WORK ITEM: Pictures in the listing below are skipped, while the lines from the "This intense battle" line through the "Belmont Heritage Commission" line are returned word for word.

+++ DATA SECTION +++

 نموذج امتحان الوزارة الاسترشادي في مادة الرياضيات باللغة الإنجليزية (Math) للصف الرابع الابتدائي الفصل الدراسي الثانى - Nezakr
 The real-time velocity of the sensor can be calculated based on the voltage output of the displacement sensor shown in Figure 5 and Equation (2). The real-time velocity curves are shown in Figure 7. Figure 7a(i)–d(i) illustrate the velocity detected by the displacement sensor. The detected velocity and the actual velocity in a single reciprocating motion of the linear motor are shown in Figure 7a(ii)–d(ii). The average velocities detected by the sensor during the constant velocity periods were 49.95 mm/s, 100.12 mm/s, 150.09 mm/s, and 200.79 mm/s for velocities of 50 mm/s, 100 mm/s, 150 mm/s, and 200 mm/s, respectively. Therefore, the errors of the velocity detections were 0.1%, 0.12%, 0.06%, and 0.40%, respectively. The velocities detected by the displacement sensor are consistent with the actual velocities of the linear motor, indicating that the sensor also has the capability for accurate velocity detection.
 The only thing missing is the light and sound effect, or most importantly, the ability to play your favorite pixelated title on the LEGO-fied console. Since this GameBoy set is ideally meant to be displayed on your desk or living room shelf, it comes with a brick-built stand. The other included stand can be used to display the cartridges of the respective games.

+++
+++ DATA SECTION +++

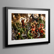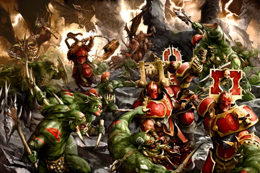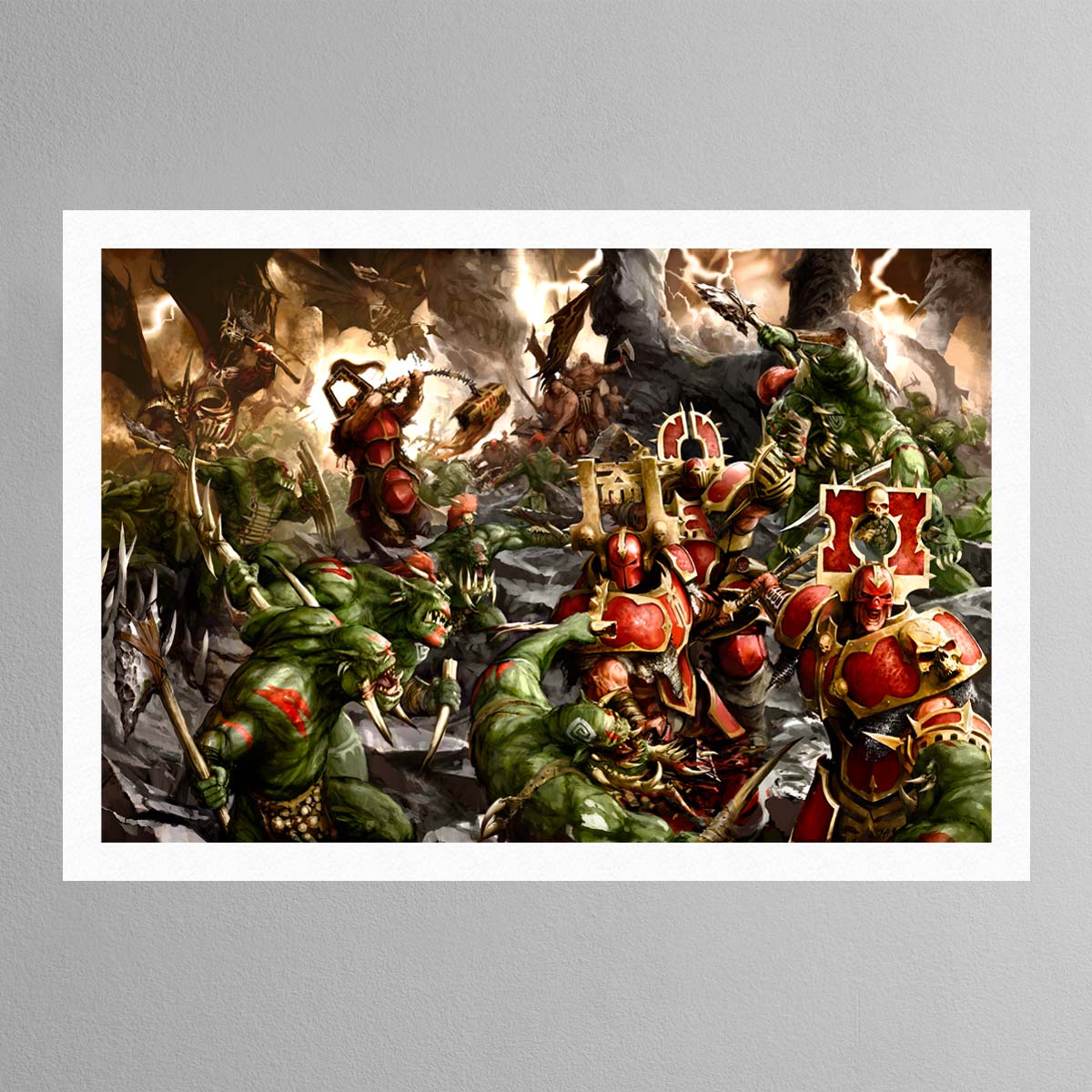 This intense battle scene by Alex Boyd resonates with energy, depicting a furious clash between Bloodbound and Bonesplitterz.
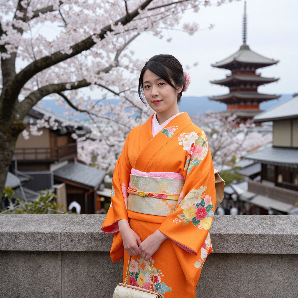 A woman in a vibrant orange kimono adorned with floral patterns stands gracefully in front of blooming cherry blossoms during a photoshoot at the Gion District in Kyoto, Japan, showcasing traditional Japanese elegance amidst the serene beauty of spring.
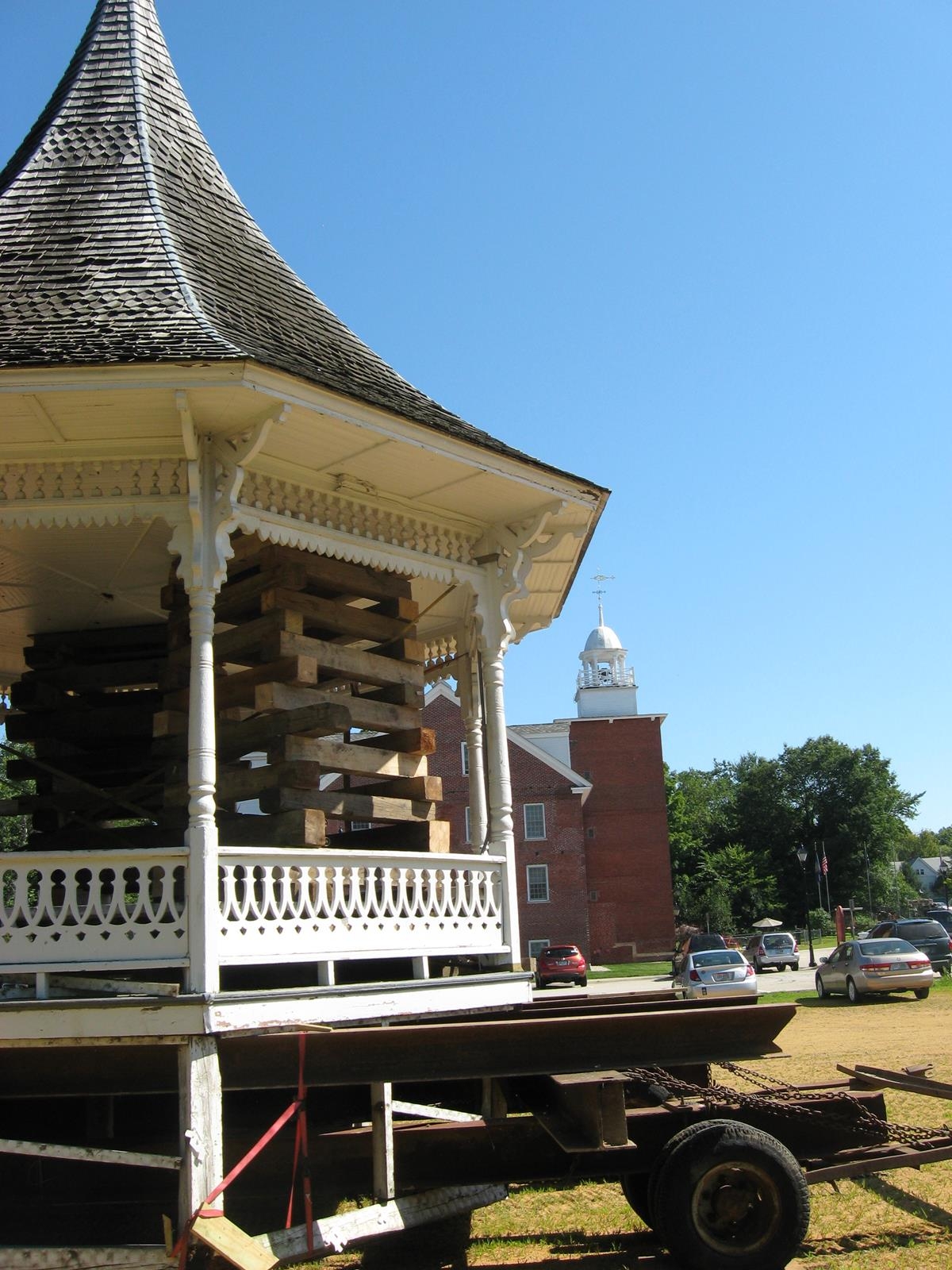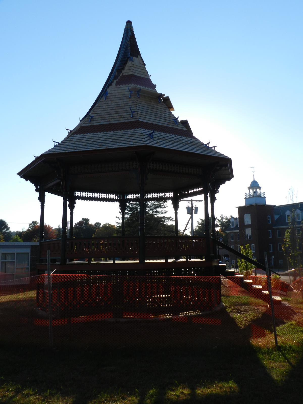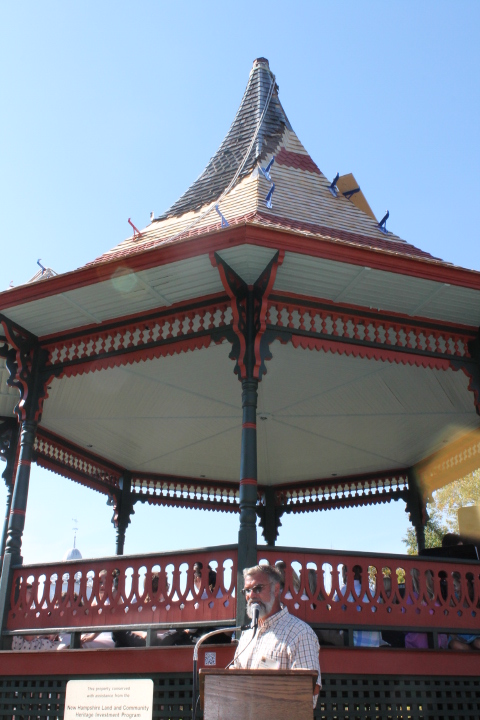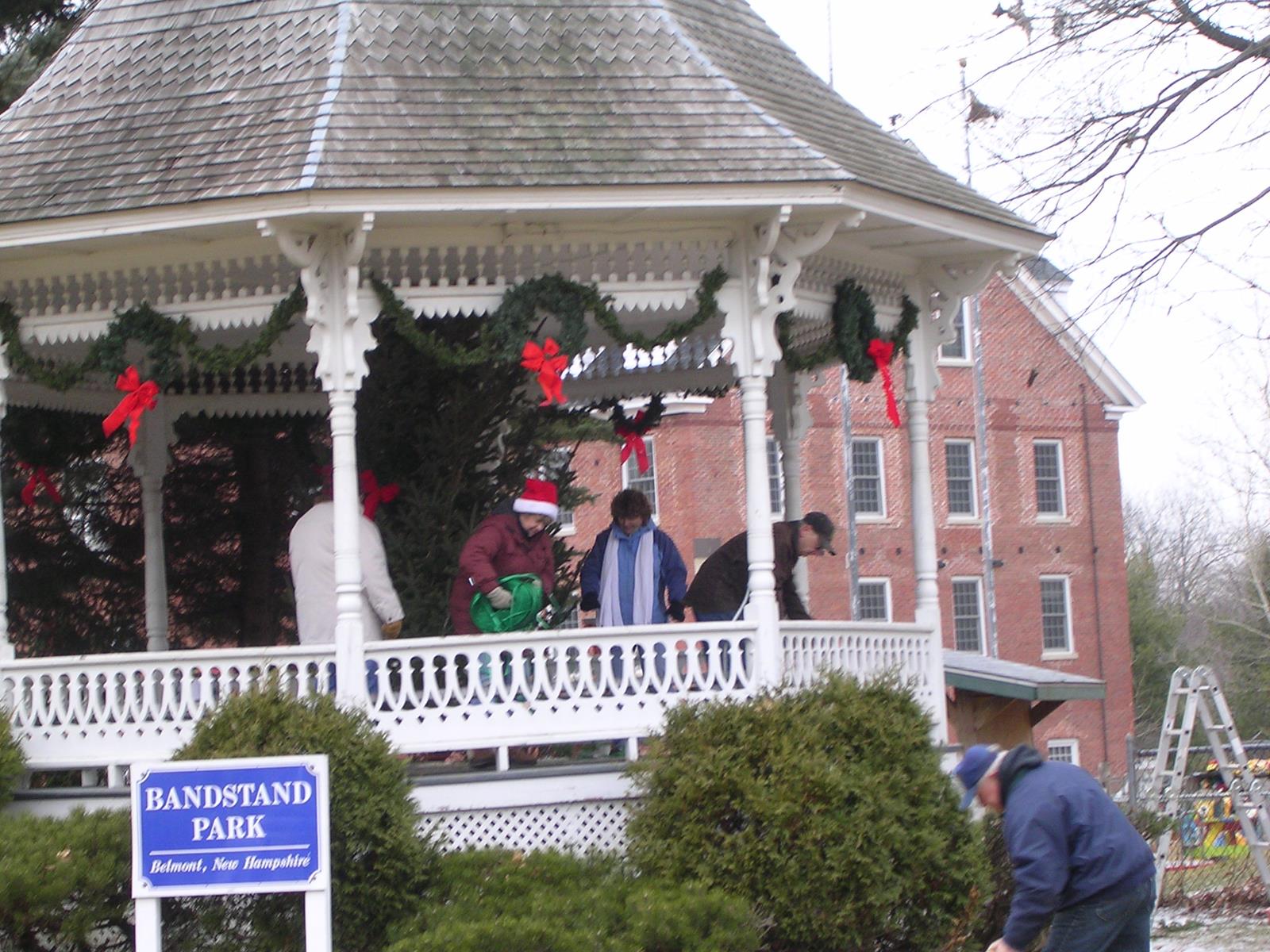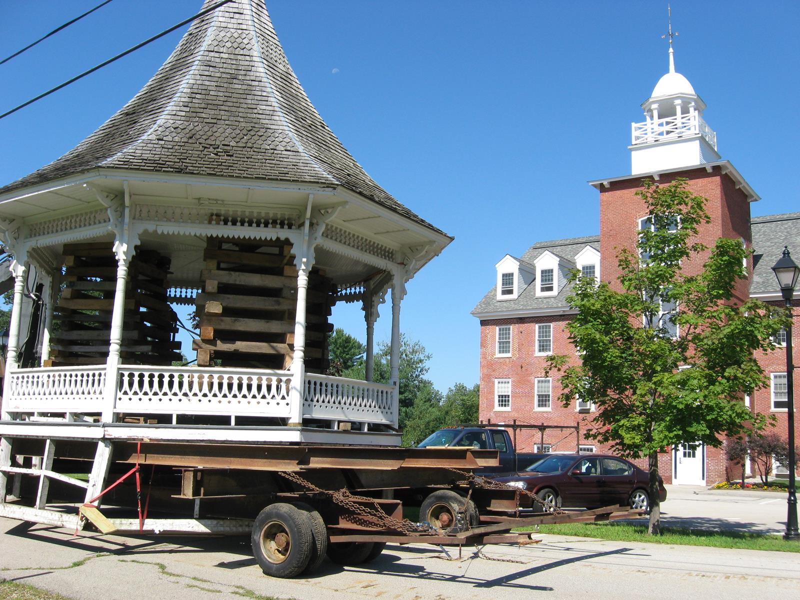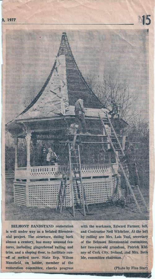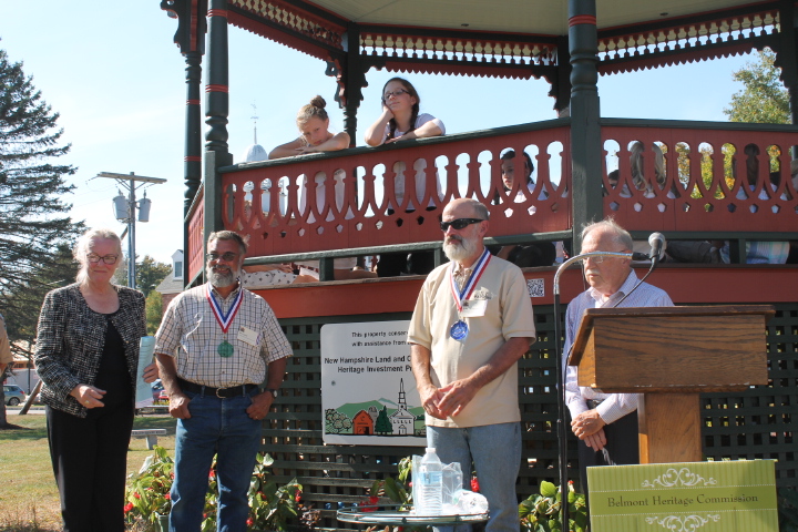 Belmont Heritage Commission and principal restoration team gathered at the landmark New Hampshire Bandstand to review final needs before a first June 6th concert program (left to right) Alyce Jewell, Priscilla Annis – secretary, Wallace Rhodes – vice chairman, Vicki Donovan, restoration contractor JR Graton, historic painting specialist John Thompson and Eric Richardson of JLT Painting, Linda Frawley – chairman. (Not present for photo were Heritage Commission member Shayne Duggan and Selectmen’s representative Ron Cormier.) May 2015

+++

EXERCISE ANSWER:
 This intense battle scene by Alex Boyd resonates with energy, depicting a furious clash between Bloodbound and Bonesplitterz.
 A woman in a vibrant orange kimono adorned with floral patterns stands gracefully in front of blooming cherry blossoms during a photoshoot at the Gion District in Kyoto, Japan, showcasing traditional Japanese elegance amidst the serene beauty of spring.
 Belmont Heritage Commission and principal restoration team gathered at the landmark New Hampshire Bandstand to review final needs before a first June 6th concert program (left to right) Alyce Jewell, Priscilla Annis – secretary, Wallace Rhodes – vice chairman, Vicki Donovan, restoration contractor JR Graton, historic painting specialist John Thompson and Eric Richardson of JLT Painting, Linda Frawley – chairman. (Not present for photo were Heritage Commission member Shayne Duggan and Selectmen’s representative Ron Cormier.) May 2015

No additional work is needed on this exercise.